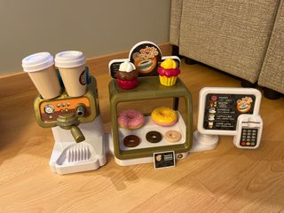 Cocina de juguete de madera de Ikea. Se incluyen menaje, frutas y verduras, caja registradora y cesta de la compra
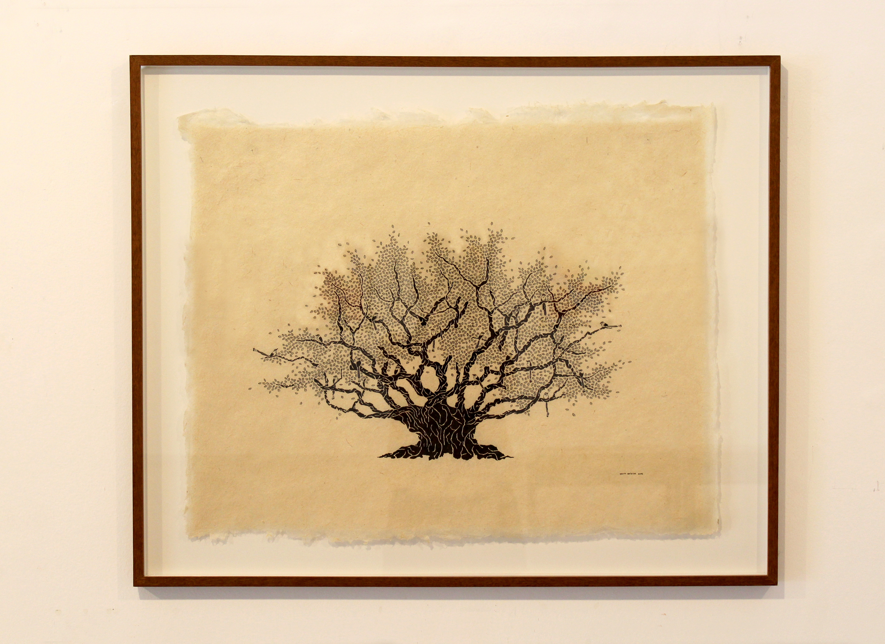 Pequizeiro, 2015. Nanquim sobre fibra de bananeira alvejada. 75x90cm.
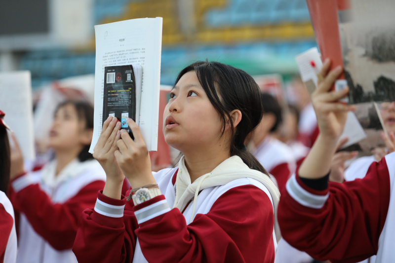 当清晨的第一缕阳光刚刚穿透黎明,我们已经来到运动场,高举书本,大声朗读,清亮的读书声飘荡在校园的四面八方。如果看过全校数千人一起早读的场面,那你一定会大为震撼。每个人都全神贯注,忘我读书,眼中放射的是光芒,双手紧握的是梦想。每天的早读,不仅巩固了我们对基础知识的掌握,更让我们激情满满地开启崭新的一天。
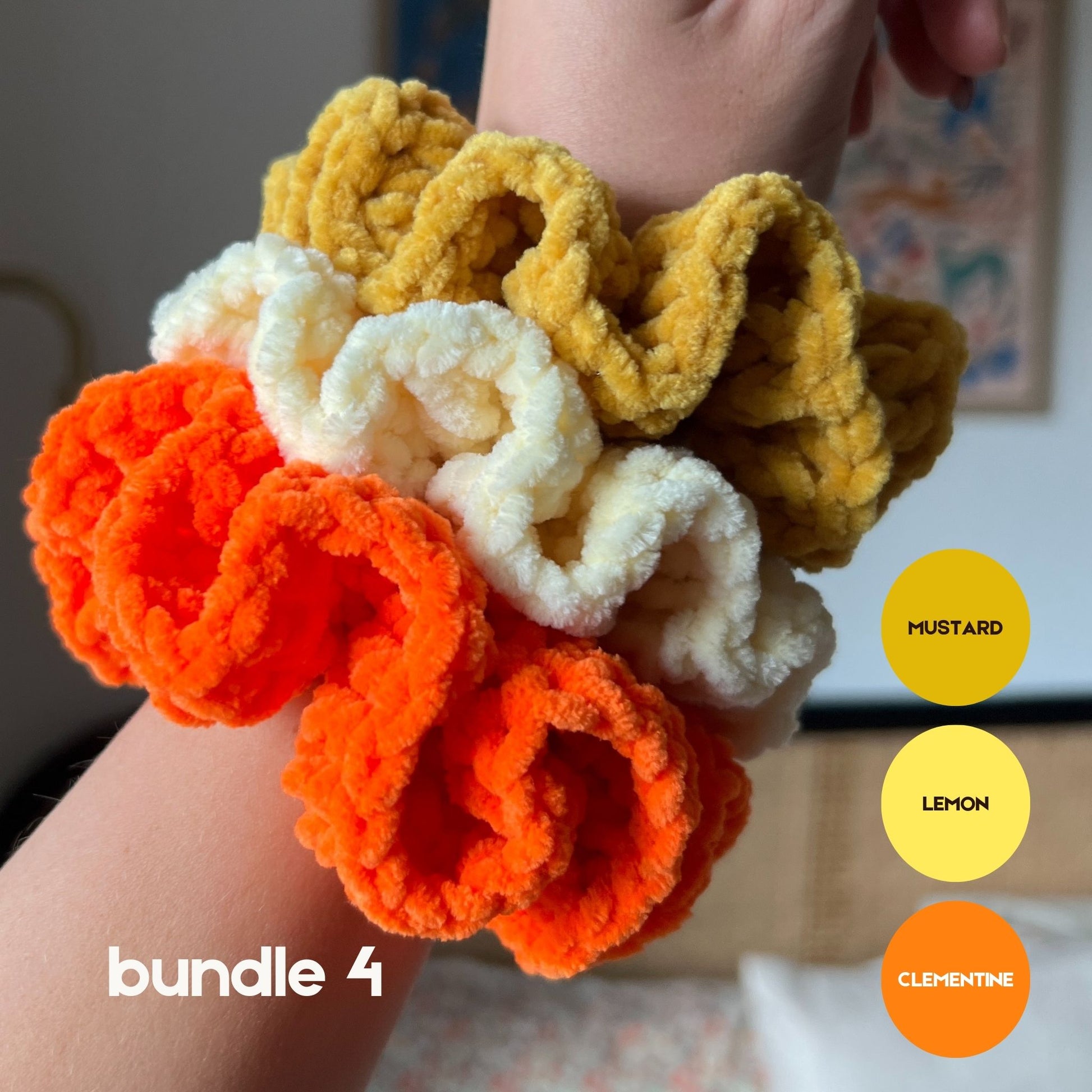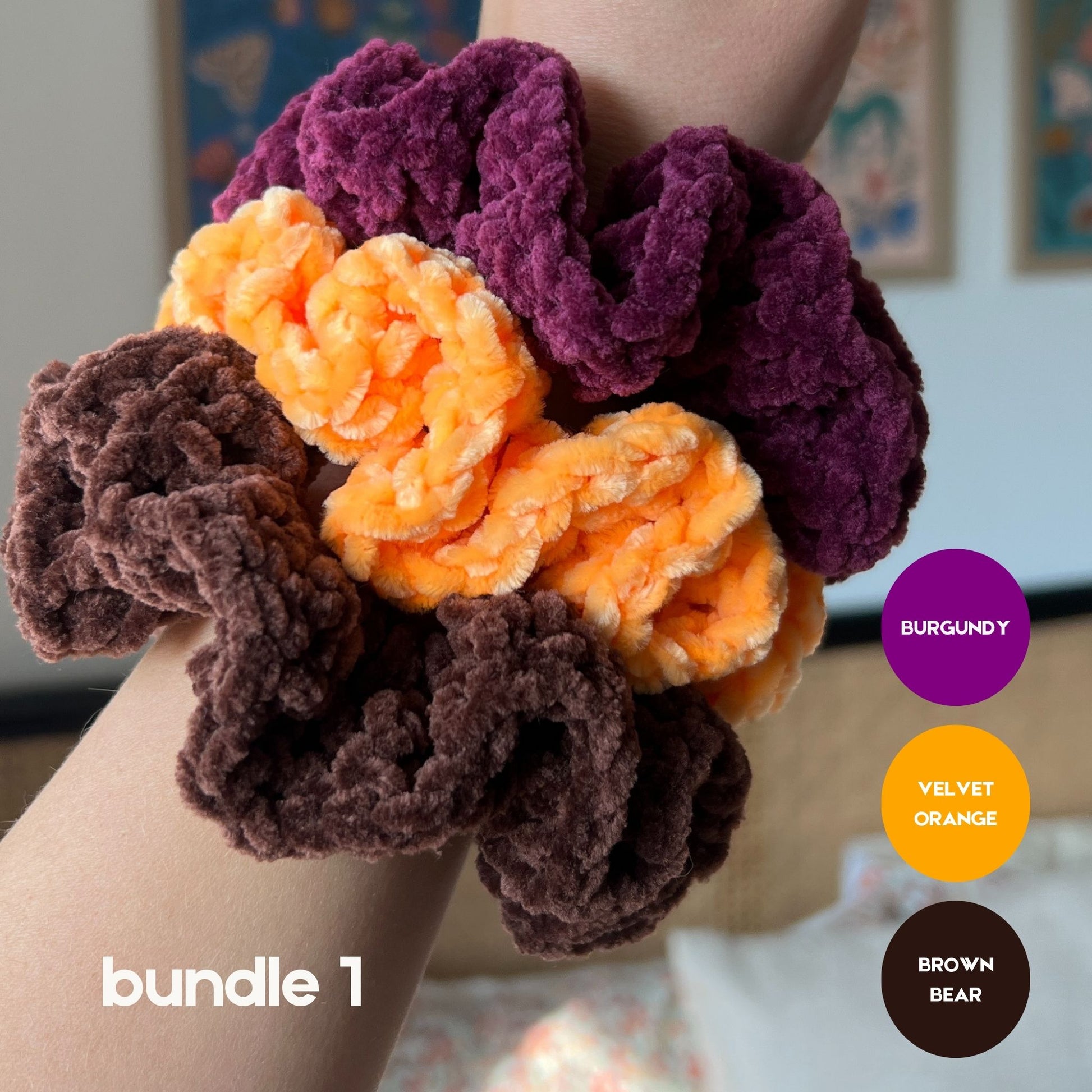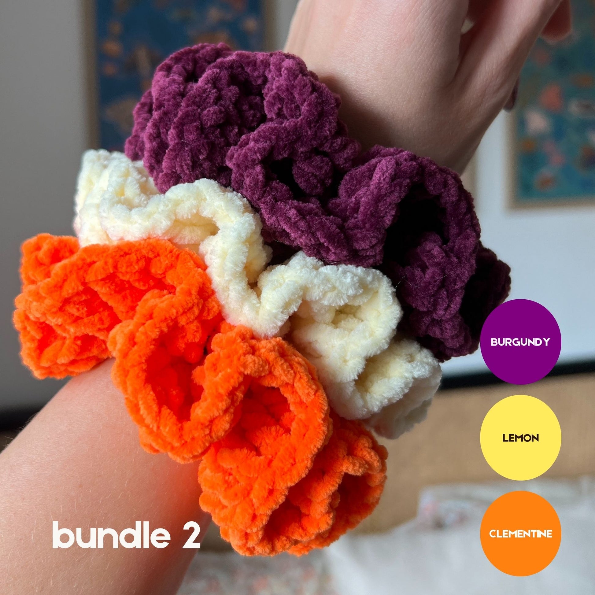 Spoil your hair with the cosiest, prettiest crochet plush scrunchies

= = = = =

=== Work instructions ===
The lines wanted run from the one with "Pequizeiro, 2015. Nanquim" through the final line of the data; repeat them word for word and skip every picture.

=== Output ===
 Pequizeiro, 2015. Nanquim sobre fibra de bananeira alvejada. 75x90cm.
 当清晨的第一缕阳光刚刚穿透黎明,我们已经来到运动场,高举书本,大声朗读,清亮的读书声飘荡在校园的四面八方。如果看过全校数千人一起早读的场面,那你一定会大为震撼。每个人都全神贯注,忘我读书,眼中放射的是光芒,双手紧握的是梦想。每天的早读,不仅巩固了我们对基础知识的掌握,更让我们激情满满地开启崭新的一天。
 Spoil your hair with the cosiest, prettiest crochet plush scrunchies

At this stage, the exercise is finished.